*SOURCE DATA:*
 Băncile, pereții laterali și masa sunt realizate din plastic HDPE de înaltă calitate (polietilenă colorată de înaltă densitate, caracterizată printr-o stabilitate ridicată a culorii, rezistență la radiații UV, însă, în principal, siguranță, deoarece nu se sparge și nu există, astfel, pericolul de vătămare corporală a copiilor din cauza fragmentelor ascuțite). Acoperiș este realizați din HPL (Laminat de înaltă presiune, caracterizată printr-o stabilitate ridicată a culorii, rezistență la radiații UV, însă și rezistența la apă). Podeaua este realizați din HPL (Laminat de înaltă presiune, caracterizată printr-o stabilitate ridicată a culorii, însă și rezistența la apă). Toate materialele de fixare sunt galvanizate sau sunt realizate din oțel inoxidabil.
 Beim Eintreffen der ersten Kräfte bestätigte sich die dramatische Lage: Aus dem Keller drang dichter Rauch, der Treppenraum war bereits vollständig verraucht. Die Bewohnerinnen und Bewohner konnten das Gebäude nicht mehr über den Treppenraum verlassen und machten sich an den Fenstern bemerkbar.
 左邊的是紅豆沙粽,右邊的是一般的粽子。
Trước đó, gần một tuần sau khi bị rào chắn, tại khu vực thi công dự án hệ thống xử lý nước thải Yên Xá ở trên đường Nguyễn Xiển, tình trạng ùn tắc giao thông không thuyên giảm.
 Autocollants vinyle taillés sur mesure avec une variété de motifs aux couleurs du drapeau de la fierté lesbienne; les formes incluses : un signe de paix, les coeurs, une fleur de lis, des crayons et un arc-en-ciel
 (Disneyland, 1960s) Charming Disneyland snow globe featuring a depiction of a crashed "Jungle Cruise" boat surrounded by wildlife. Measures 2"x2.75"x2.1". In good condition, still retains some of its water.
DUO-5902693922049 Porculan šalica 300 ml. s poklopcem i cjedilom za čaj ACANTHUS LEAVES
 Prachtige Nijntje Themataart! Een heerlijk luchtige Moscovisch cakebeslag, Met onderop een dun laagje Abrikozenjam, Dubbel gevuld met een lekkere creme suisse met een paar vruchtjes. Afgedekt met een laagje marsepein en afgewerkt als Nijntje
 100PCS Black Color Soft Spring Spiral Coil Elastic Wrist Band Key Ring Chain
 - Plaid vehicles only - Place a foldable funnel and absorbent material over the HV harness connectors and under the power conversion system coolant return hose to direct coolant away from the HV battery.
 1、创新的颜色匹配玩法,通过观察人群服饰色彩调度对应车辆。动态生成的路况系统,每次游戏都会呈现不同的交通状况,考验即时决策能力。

*TASK GOAL:* Write out, word for word, every line from the one containing "- Plaid vehicles" through the last line of the records above.

*RESPONSE:*
 - Plaid vehicles only - Place a foldable funnel and absorbent material over the HV harness connectors and under the power conversion system coolant return hose to direct coolant away from the HV battery.
 1、创新的颜色匹配玩法,通过观察人群服饰色彩调度对应车辆。动态生成的路况系统,每次游戏都会呈现不同的交通状况,考验即时决策能力。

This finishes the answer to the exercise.